Stored data entries:
■ ■ ■ ■ ■

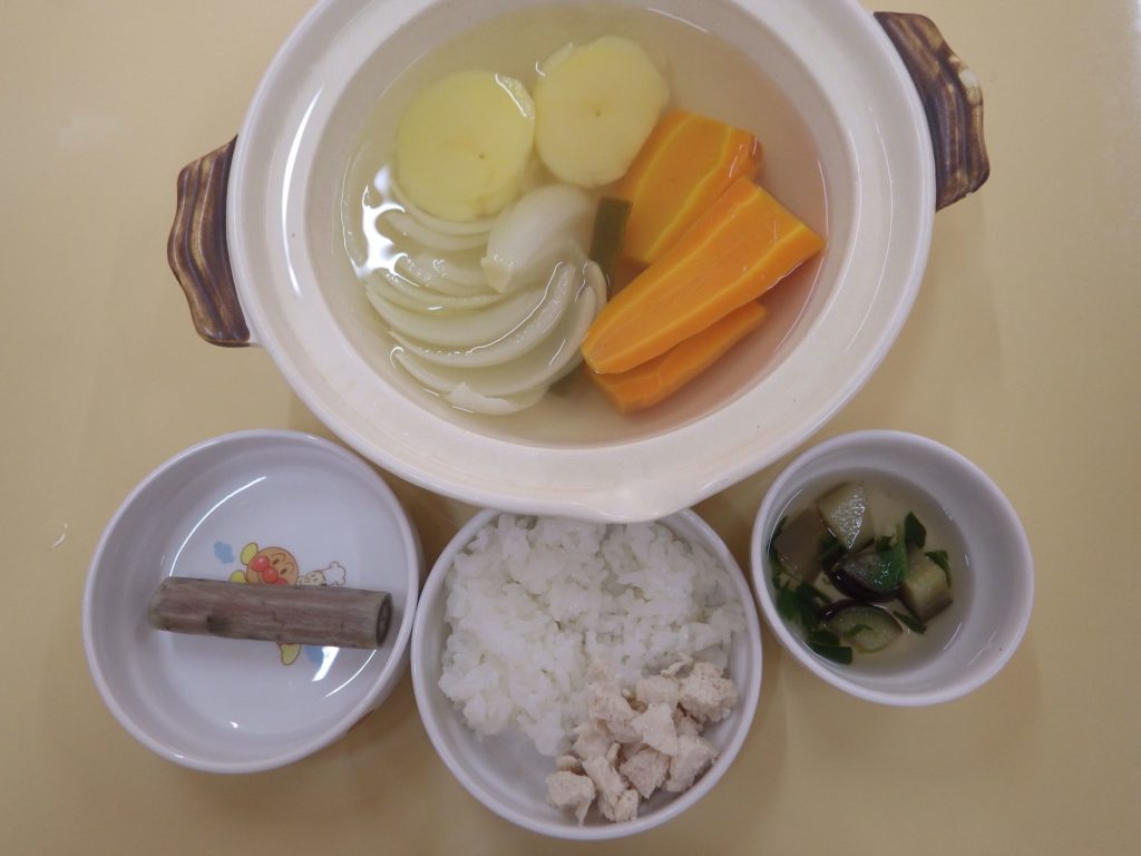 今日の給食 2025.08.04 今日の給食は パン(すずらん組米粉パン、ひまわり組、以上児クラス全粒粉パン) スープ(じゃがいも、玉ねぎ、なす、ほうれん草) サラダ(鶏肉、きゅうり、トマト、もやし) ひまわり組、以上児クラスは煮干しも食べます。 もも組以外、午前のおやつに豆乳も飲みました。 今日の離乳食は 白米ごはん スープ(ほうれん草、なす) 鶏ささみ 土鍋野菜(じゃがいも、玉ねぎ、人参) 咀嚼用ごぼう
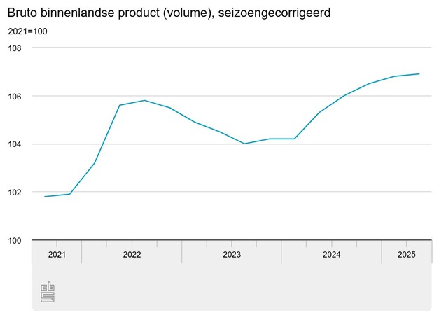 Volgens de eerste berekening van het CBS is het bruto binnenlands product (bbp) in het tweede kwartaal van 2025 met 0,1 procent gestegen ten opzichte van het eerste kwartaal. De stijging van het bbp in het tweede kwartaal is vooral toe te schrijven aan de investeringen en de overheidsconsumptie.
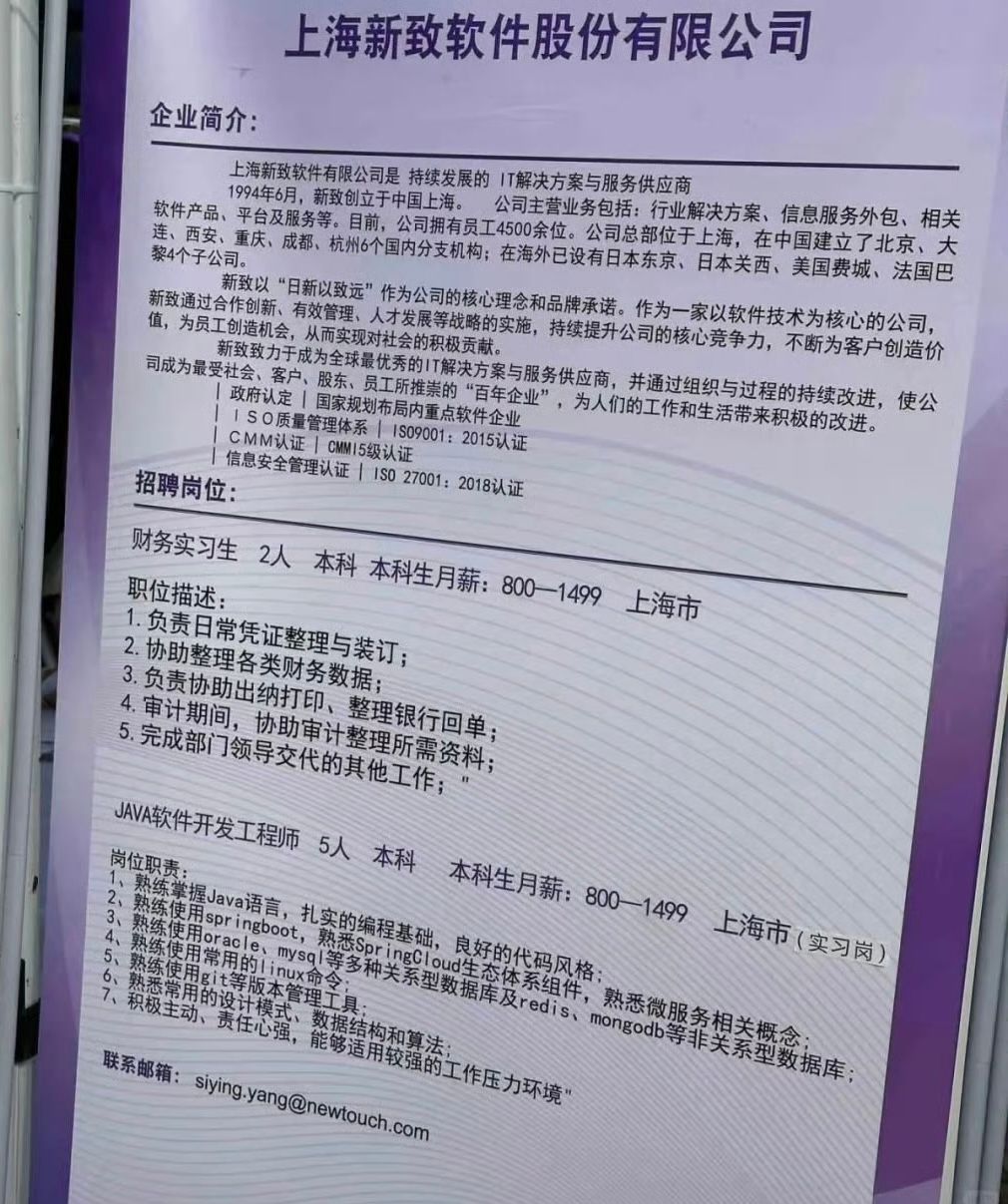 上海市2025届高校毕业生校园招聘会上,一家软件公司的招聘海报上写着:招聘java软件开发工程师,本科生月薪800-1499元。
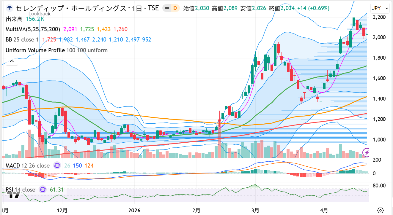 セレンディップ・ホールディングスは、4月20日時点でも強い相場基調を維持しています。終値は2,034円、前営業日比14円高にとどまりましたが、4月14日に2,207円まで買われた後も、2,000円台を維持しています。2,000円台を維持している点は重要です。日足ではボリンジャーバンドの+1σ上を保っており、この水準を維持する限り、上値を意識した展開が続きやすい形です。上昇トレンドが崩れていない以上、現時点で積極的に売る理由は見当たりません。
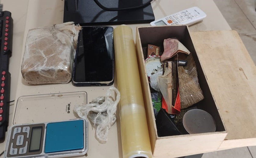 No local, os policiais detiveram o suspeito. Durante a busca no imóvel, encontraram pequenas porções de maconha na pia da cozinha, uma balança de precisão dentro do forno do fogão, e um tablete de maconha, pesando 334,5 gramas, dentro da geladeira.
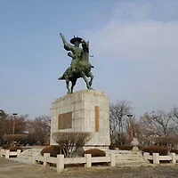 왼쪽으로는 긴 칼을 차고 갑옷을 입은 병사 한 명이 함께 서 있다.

■ ■ ■ ■ ■

Give the data above back unchanged, except for the pictures.

 今日の給食 2025.08.04 今日の給食は パン(すずらん組米粉パン、ひまわり組、以上児クラス全粒粉パン) スープ(じゃがいも、玉ねぎ、なす、ほうれん草) サラダ(鶏肉、きゅうり、トマト、もやし) ひまわり組、以上児クラスは煮干しも食べます。 もも組以外、午前のおやつに豆乳も飲みました。 今日の離乳食は 白米ごはん スープ(ほうれん草、なす) 鶏ささみ 土鍋野菜(じゃがいも、玉ねぎ、人参) 咀嚼用ごぼう
 Volgens de eerste berekening van het CBS is het bruto binnenlands product (bbp) in het tweede kwartaal van 2025 met 0,1 procent gestegen ten opzichte van het eerste kwartaal. De stijging van het bbp in het tweede kwartaal is vooral toe te schrijven aan de investeringen en de overheidsconsumptie.
 上海市2025届高校毕业生校园招聘会上,一家软件公司的招聘海报上写着:招聘java软件开发工程师,本科生月薪800-1499元。
 セレンディップ・ホールディングスは、4月20日時点でも強い相場基調を維持しています。終値は2,034円、前営業日比14円高にとどまりましたが、4月14日に2,207円まで買われた後も、2,000円台を維持しています。2,000円台を維持している点は重要です。日足ではボリンジャーバンドの+1σ上を保っており、この水準を維持する限り、上値を意識した展開が続きやすい形です。上昇トレンドが崩れていない以上、現時点で積極的に売る理由は見当たりません。
 No local, os policiais detiveram o suspeito. Durante a busca no imóvel, encontraram pequenas porções de maconha na pia da cozinha, uma balança de precisão dentro do forno do fogão, e um tablete de maconha, pesando 334,5 gramas, dentro da geladeira.
 왼쪽으로는 긴 칼을 차고 갑옷을 입은 병사 한 명이 함께 서 있다.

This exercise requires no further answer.